SOURCE DATA:
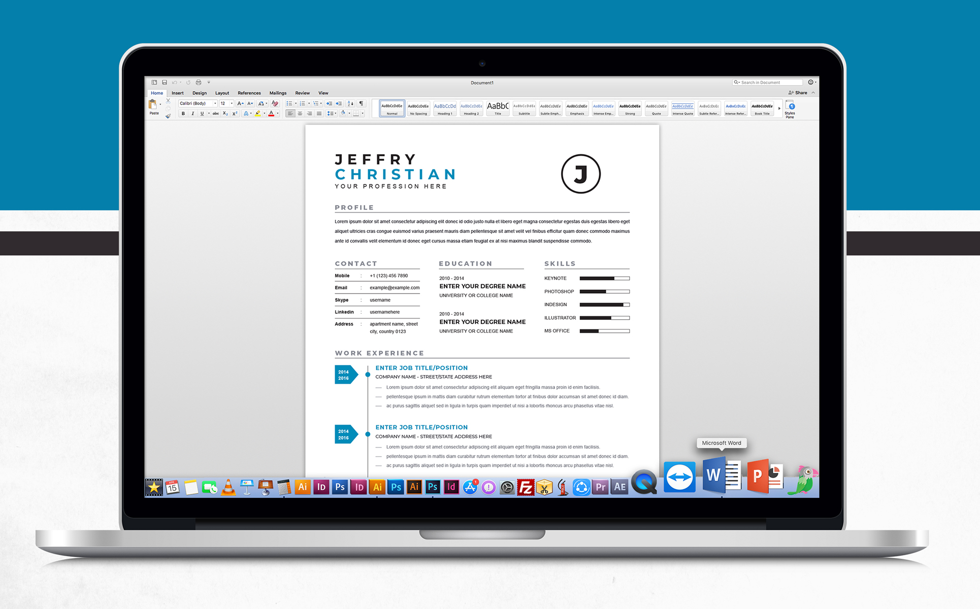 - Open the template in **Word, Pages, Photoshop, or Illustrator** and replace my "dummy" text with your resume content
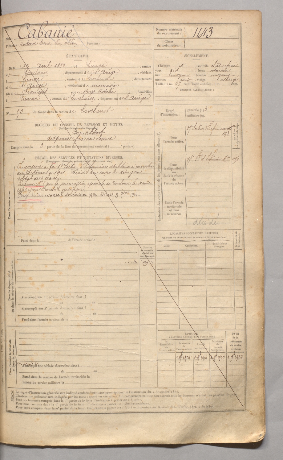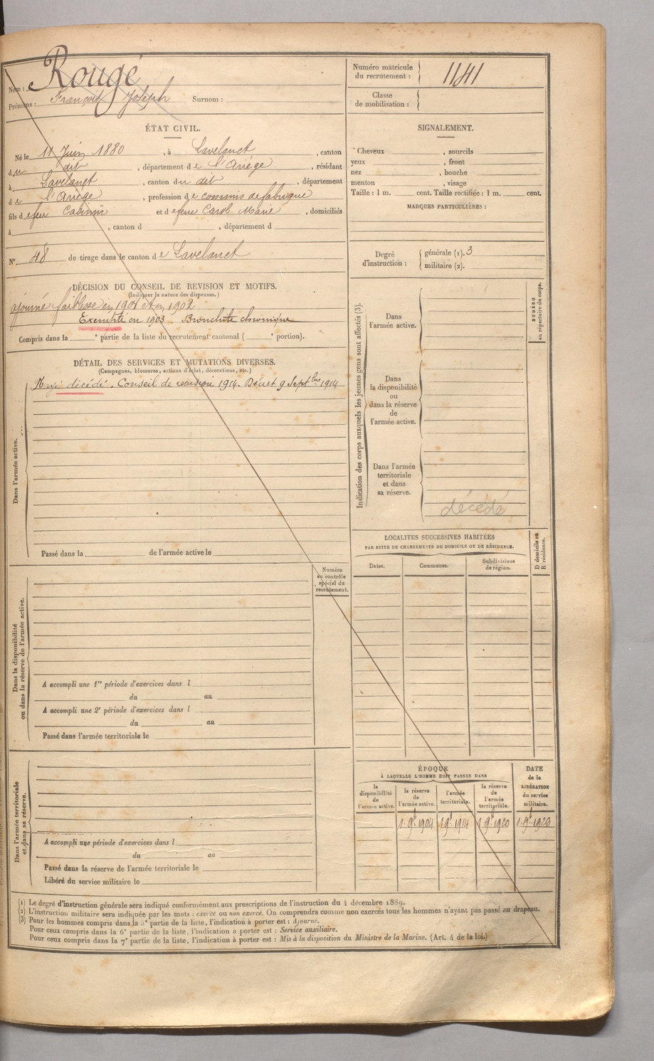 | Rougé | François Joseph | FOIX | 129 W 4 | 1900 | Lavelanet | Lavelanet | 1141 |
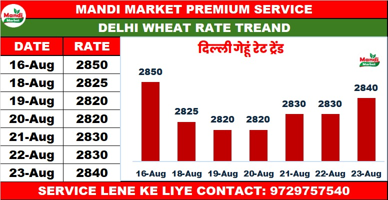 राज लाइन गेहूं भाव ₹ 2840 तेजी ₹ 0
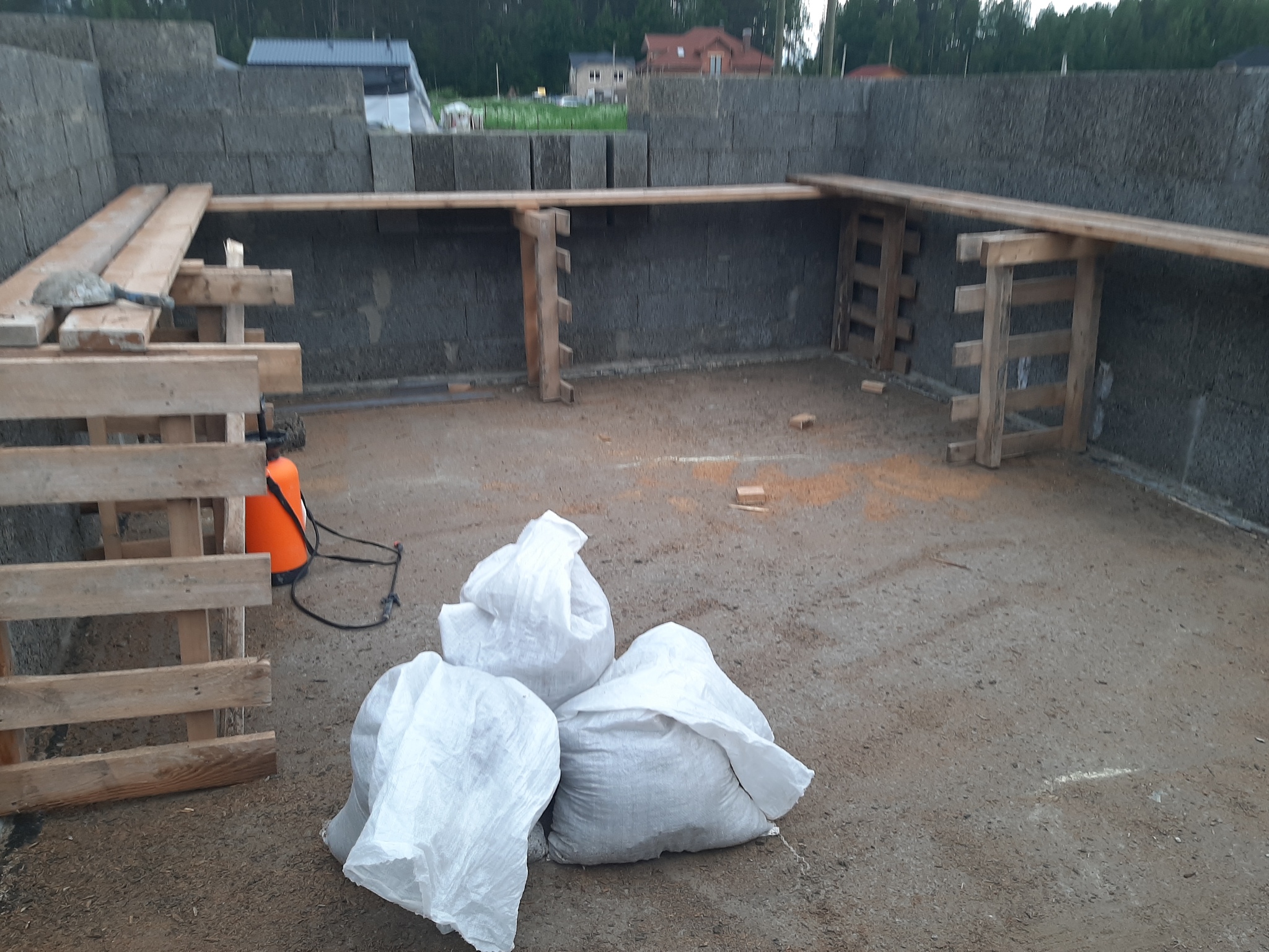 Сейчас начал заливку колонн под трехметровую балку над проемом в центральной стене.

WORK INSTRUCTION: Every line from the one holding "Lavelanet | 1141 |" to the last line of the listing above, inclusive, must appear exactly as written, and no picture may appear.

EXERCISE SOLUTION:
 | Rougé | François Joseph | FOIX | 129 W 4 | 1900 | Lavelanet | Lavelanet | 1141 |
 राज लाइन गेहूं भाव ₹ 2840 तेजी ₹ 0
 Сейчас начал заливку колонн под трехметровую балку над проемом в центральной стене.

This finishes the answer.